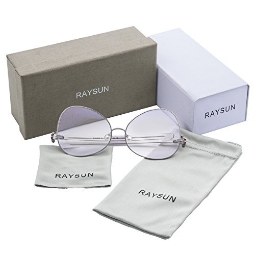 RAYSUN Women Cat Eye Transparent Sunglasses Rimless Metal Frame Flat Frameless Fashion Trendy Cute Youth Glasses (Grey)
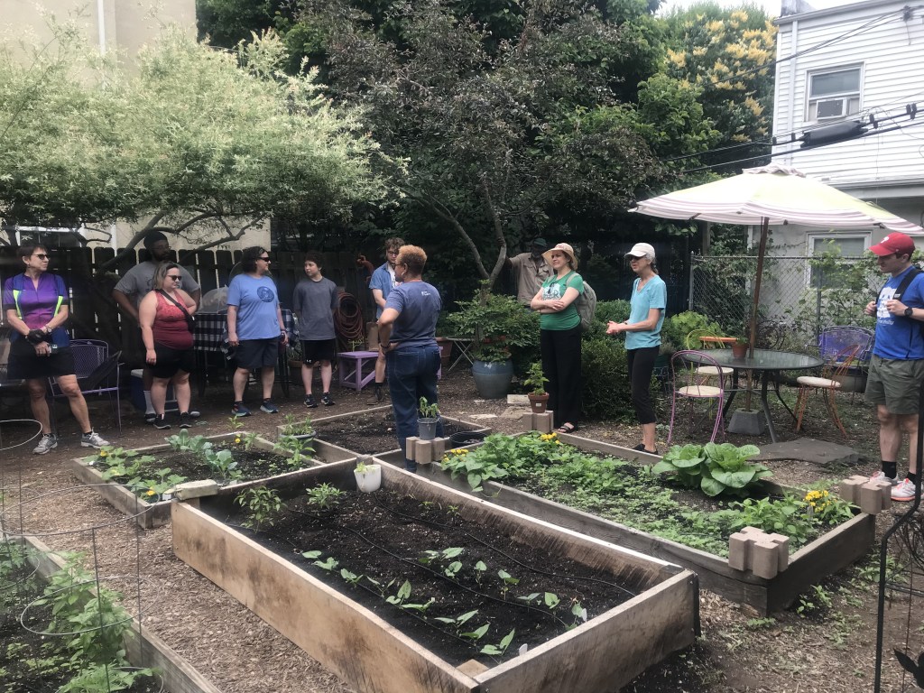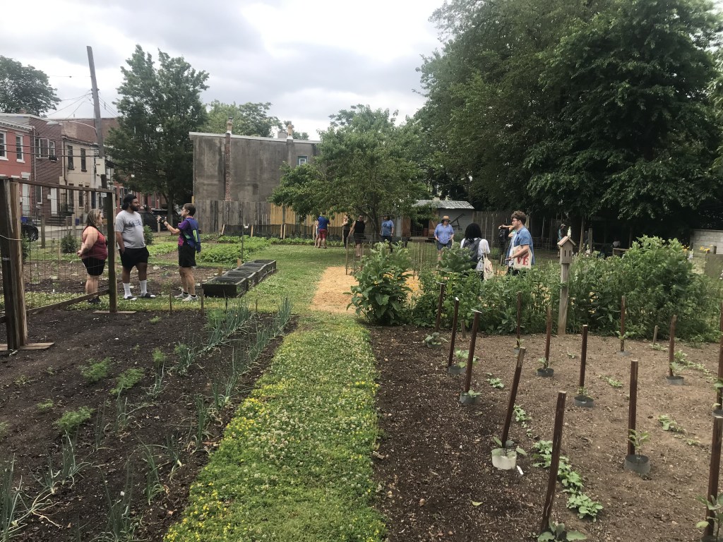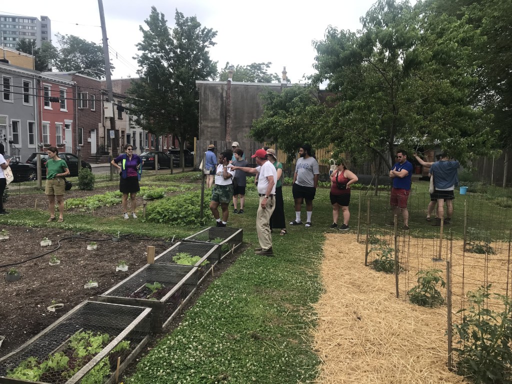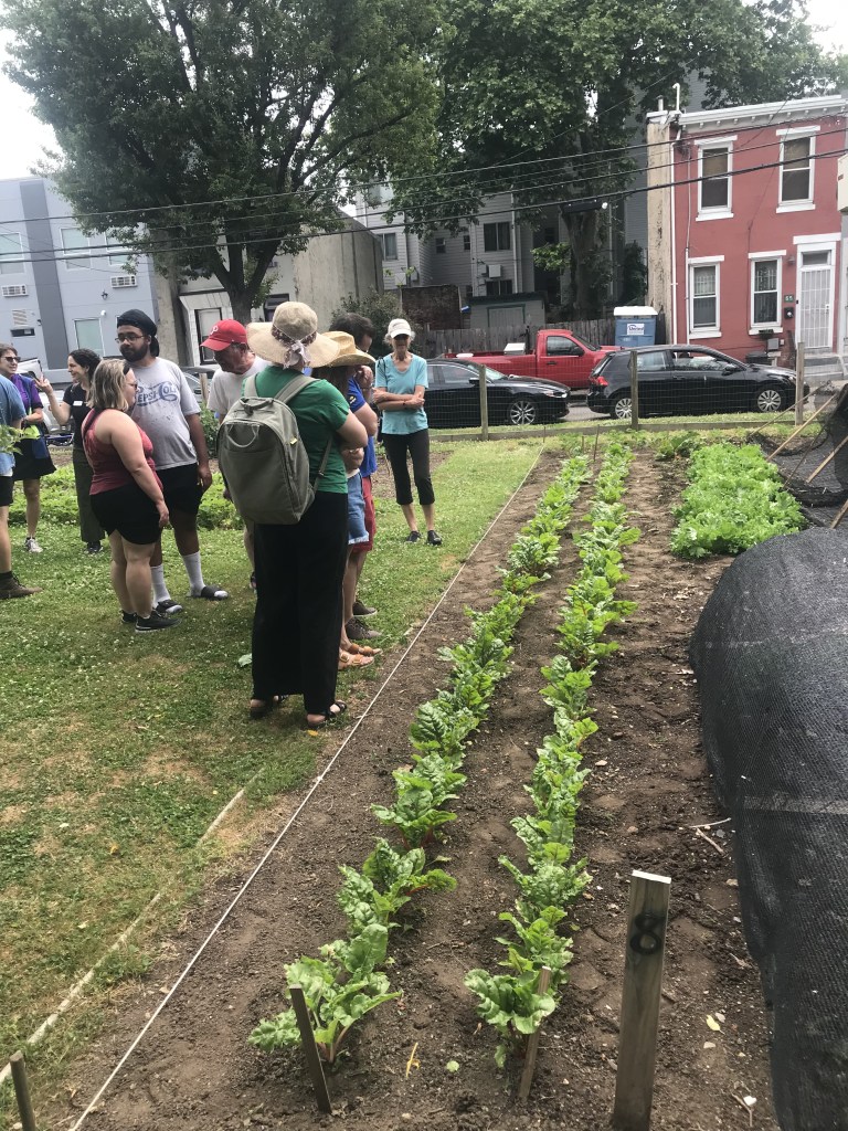On Saturday, June 3rd Feet First Philly and Clean Air Council partnered with Neighborhood Gardens Trust and AARP Philadelphia for a walking tour of three community gardens in Powelton. The walk was well attended and the garden leaders were extremely knowledgeable about their spaces. It was fantastic to learn about each garden, and the positive impacts they all have on their surrounding community, including by improving walkability.
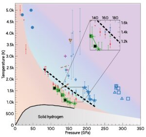 Отметим, что отличия между металлической жидкостью и плазмой достаточно условны: плазма — это более горячее состояние, жидкий металл — более холодное, и в обоих состояниях есть свободные электроны, которые проводят электрический ток. Еще в 30-х годах XX века великий физик-теоретик Юджин Вигнер предсказал, что при низких температурах в водороде присутствует область, в которой он становится твердым и превращается в металл, и сейчас эту фазу с большим интересом изучают во всем мире. Таким образом, ученые продвинулись в нескольких направлениях, но ни в одном не пришли пока к однозначному результату.
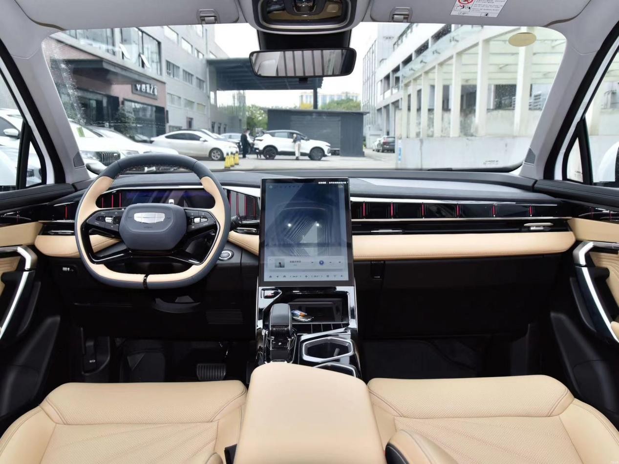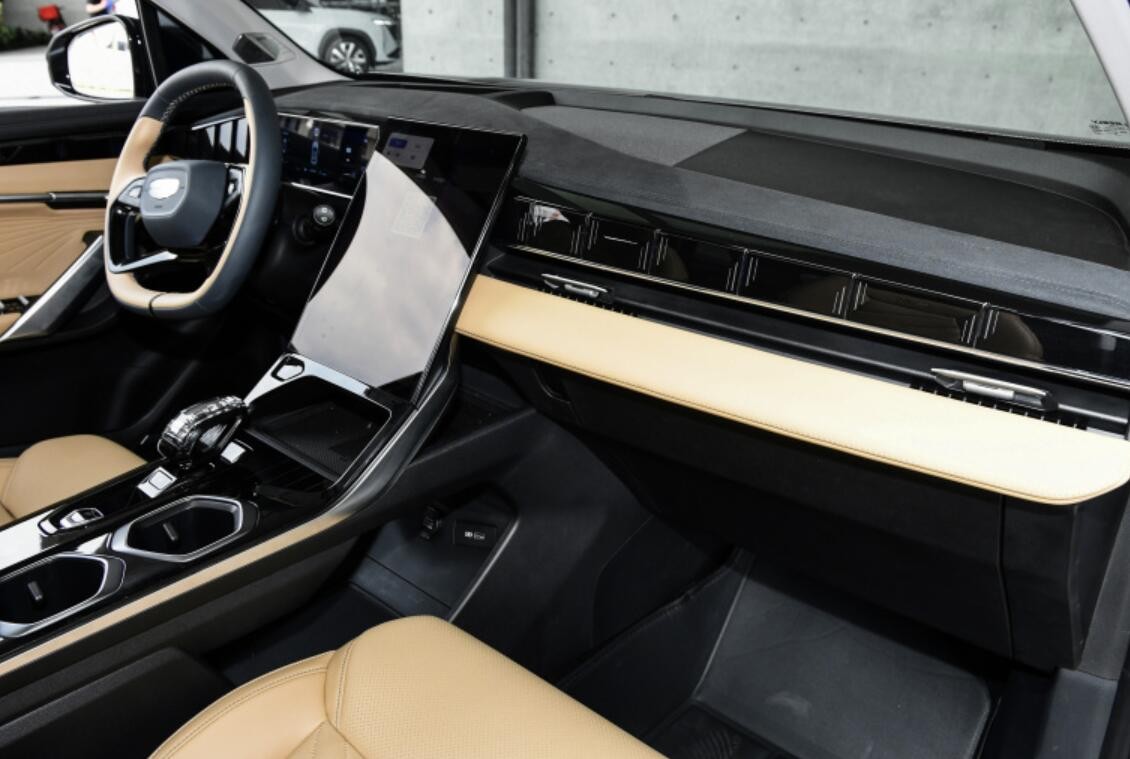 进入到车内,博越L车内的设计同样不输长安CS75 PLUS,如竖向排列的氛围灯以及大量皮质面料等,让人倍感豪华。车内搭载了吉利银河OS Air系统,全系配备了13.2英寸的竖置中控屏,支持卫星导航、语音控制识别功能以及网易云音乐等APP。
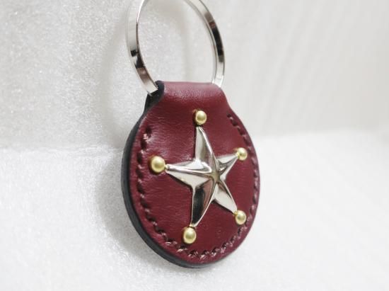 スタッズキーホルダー/サドルレザー・BURGUNDY
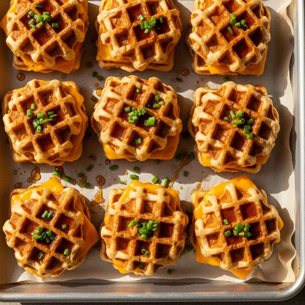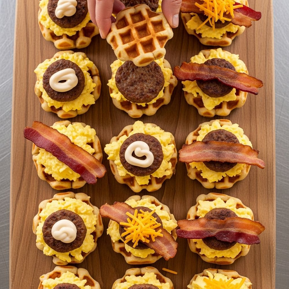 For the crispiest sliders, always toast the waffles first and let them sit briefly on a wire rack before assembling so steam escapes and they stay crunchy.
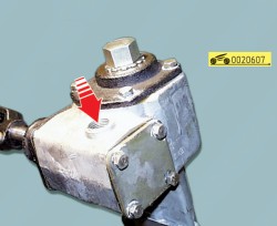 7. Ослабьте хомуты и отсоедините со стороны моторного отсека шланги слива и подачи жидкости.
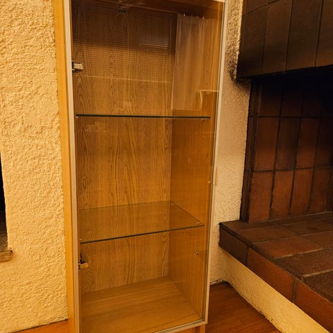 3 glasshyller og glass dør
-- -- --
Give back the whole listing exactly, without pictures.

Solution below>
 RAYSUN Women Cat Eye Transparent Sunglasses Rimless Metal Frame Flat Frameless Fashion Trendy Cute Youth Glasses (Grey)
On Saturday, June 3rd Feet First Philly and Clean Air Council partnered with Neighborhood Gardens Trust and AARP Philadelphia for a walking tour of three community gardens in Powelton. The walk was well attended and the garden leaders were extremely knowledgeable about their spaces. It was fantastic to learn about each garden, and the positive impacts they all have on their surrounding community, including by improving walkability.
 Отметим, что отличия между металлической жидкостью и плазмой достаточно условны: плазма — это более горячее состояние, жидкий металл — более холодное, и в обоих состояниях есть свободные электроны, которые проводят электрический ток. Еще в 30-х годах XX века великий физик-теоретик Юджин Вигнер предсказал, что при низких температурах в водороде присутствует область, в которой он становится твердым и превращается в металл, и сейчас эту фазу с большим интересом изучают во всем мире. Таким образом, ученые продвинулись в нескольких направлениях, но ни в одном не пришли пока к однозначному результату.
 进入到车内,博越L车内的设计同样不输长安CS75 PLUS,如竖向排列的氛围灯以及大量皮质面料等,让人倍感豪华。车内搭载了吉利银河OS Air系统,全系配备了13.2英寸的竖置中控屏,支持卫星导航、语音控制识别功能以及网易云音乐等APP。
 スタッズキーホルダー/サドルレザー・BURGUNDY
 For the crispiest sliders, always toast the waffles first and let them sit briefly on a wire rack before assembling so steam escapes and they stay crunchy.
 7. Ослабьте хомуты и отсоедините со стороны моторного отсека шланги слива и подачи жидкости.
 3 glasshyller og glass dør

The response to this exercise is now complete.